Experimental Evaluation
Ablation Over State Representation and Buffering
Comprehensive ablations demonstrate that SWIM's smoothed per-body force/torque (SmoothFT) combined with ProgEvict yields superior learning speed, reward maximization, and generalization. Simplified or coarsened environmental states fail to capture fluid effects meaningfully, while overly raw signals degrade learning through volatility. The structured, low-dimensional SmoothFT state is essential for robust task transfer.
Comparison to Prior Imitation and RL Baselines
Comparisons against DeepMimic, ADD, TD3, and multiple MimicKit-PPO variants highlight SWIM's unique capacity for full goal-reaching and fine-grained control within a restricted sample budget. Baselines are unable to progress beyond initial stabilization, frequently producing physically implausible or drift-prone behaviors in the presence of water dynamics.

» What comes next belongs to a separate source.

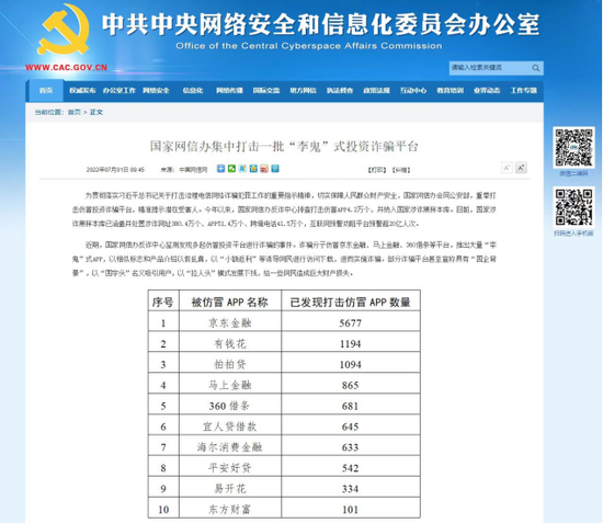 国家网信办反诈中心监测发现多起仿冒投资平台进行诈骗的事件。诈骗分子仿冒京东金融、马上金融、360借条等平台,推出大量“李鬼”式APP,以相似标志和产品介绍以假乱真,以“小额返利”等诱导网民进行访问下载,进而实施诈骗。部分诈骗平台甚至宣称具有“国企背景”,以“国字头”名义吸引用户,以“拉人头”模式发展下线,给一些网民造成巨大财产损失。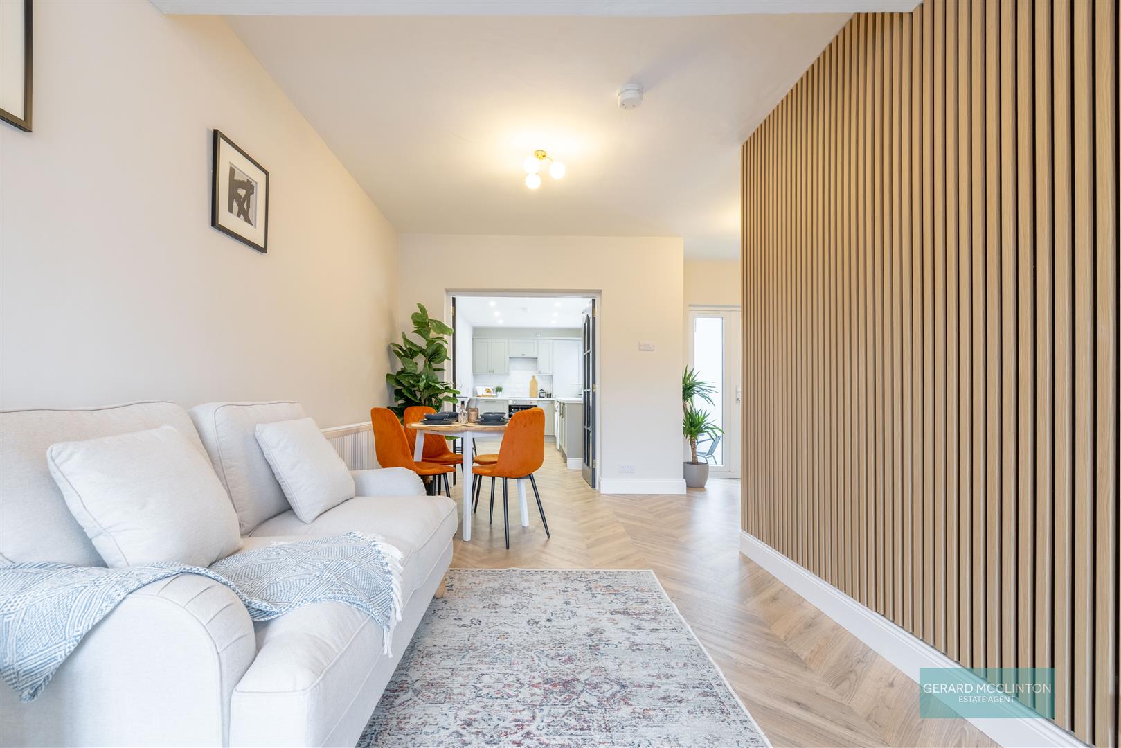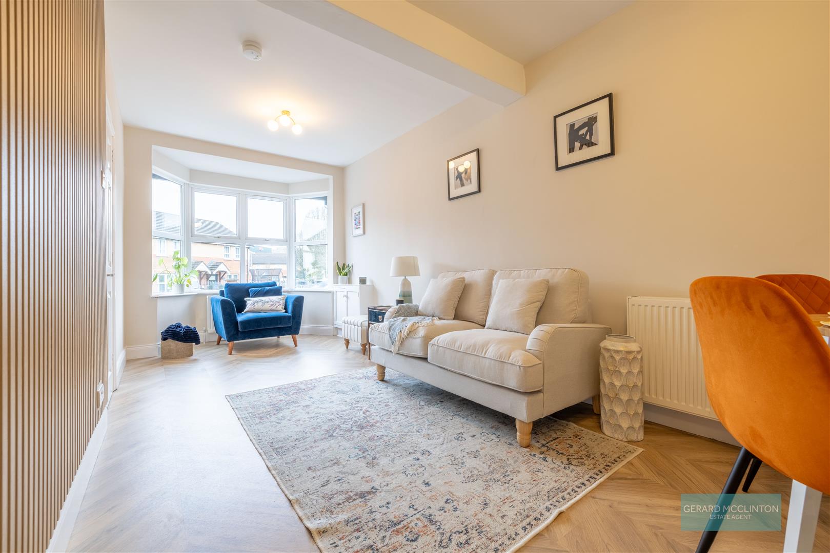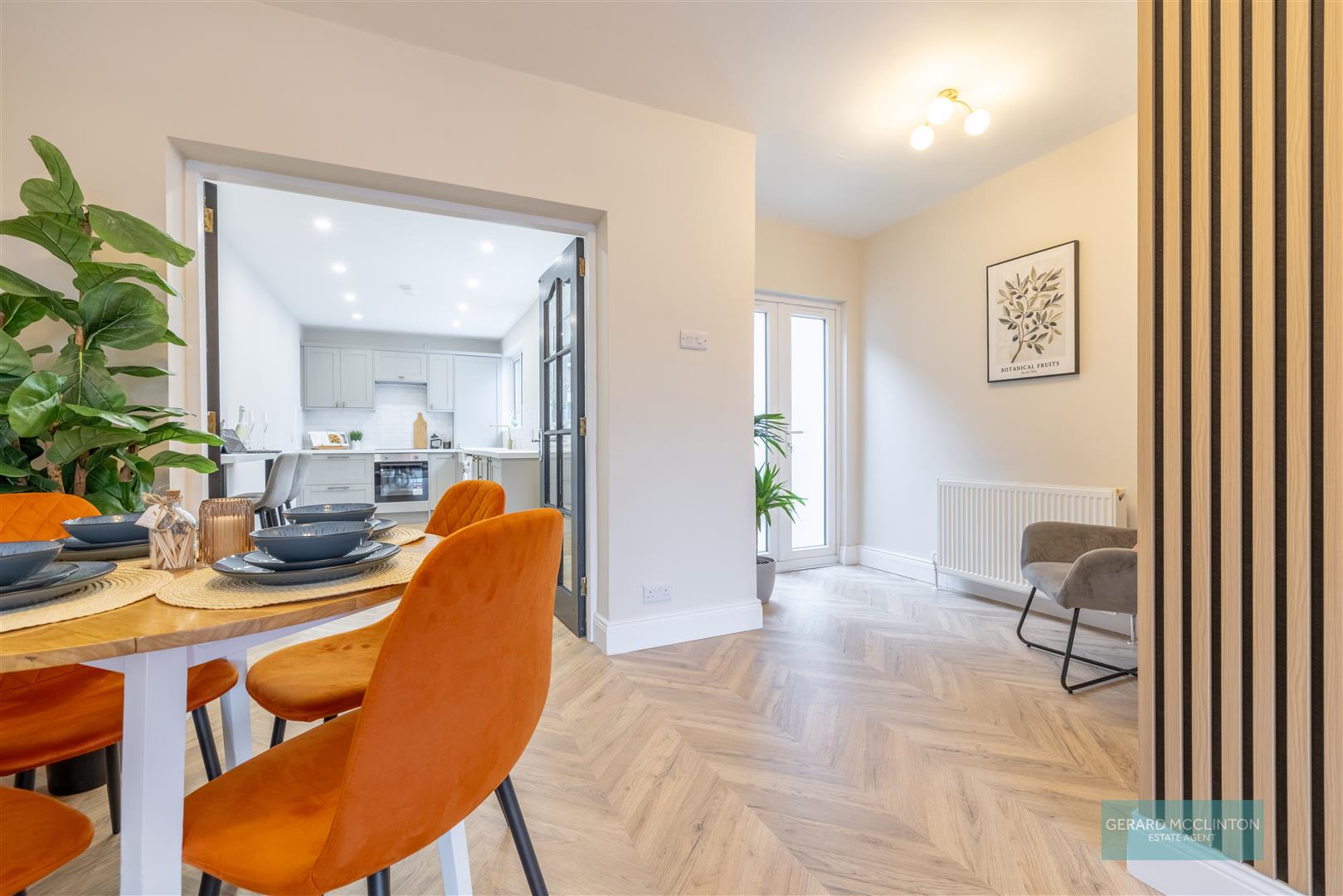 UPVC double glazed bay window to front, new Chevron style laminate wooden floor, newly installed fluted wood feature wall, new radiator, double doors onto kitchen

Figure 3: Trajectory comparison between SWIM and alternative RL/imitation methods in a goal-reaching task.
Generalization: Unseen Goals, Trajectories, and Fluids
SWIM, trained on a single straight goal-reaching task in a small pool, demonstrates significant generalization capacity:
- Unseen goal positions: Maintains performance for goals up to 2.5× the lateral offset and angular deviation observed in training.
- Curved trajectories: Zero-shot transfer to nontrivial, polylined, and sinusoidal reference paths.

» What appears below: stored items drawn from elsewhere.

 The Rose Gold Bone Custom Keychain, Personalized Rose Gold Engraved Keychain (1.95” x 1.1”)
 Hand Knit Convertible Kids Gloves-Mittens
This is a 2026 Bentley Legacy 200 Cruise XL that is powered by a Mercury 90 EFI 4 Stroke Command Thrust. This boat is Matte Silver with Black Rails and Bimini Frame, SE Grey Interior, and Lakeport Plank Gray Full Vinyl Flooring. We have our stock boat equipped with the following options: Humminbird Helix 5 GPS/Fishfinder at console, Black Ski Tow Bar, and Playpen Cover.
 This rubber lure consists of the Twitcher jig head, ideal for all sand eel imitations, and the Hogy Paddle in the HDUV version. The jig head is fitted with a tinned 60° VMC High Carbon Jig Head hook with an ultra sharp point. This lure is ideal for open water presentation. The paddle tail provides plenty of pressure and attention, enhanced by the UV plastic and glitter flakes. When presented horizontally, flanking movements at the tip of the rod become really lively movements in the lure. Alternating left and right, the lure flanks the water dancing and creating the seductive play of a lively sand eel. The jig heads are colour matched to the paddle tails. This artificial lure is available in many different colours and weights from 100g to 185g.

- Cross-fluid environment: Stable policy behavior is retained in oil-like, high-viscosity, and high-density fluids, as well as in the presence of surface waves and strong currents.
Figure 4: Boundary sweep of goal-reaching performance across lateral target angles and distances; training domain is marked for comparison.
Figure 5: Qualitative cross-environment and cross-style generalization: freestyle in oil, water with waves, and butterfly along control trajectories.
Figure 6: Policy robustness as a function of inflow speed and direction change in a 3 m pool.
Robustness to Perturbations and Geometry Modifications
Additional tests expose the policy to large impulsive and continuous disturbances, as well as modifications to body shape (e.g., fin attachments, limb removal). Moderate geometry changes such as adding fins improve propulsion, but larger modifications degrade control, reflecting the limits of the current state abstraction's generality.
Figure 7: Swimming speed increase realized by adding 10 cm fins to the feet in freestyle.
Theoretical and Practical Implications
SWIM demonstrates, for the first time, that RL-based character animation in full rigid-fluid coupling is feasible and highly data-efficient, requiring only a single demonstration. The results indicate progress toward generative, physics-constrained policies capable of robust motor control in highly nonstationary, underactuated environments. The approach is broadly extensible—beyond swimming—to other domains where fluid-structure interaction and generalization are required, for example, aquatic robotics, biomechanical hypothesis testing, and adaptive animation in virtual environments.
The buffer strategy and state space design are likely to influence general RL practice in high-cost, high-contact simulation domains. However, limitations remain in policy transferability to substantially altered body geometries and extreme fluid conditions, suggesting future work on geometry-invariant representations and curriculum-based RL.
Conclusion
SWIM provides a generalized, physically-based framework for swimming control, advancing the scope of RL-driven animation to the regime of challenging body-fluid interaction. The method's principled state design, efficient learning strategy, and demonstrated generalization establish a foundation for future research in motor skill learning, multi-modal control, and fluid-coupled agent simulation in both computer graphics and robotics.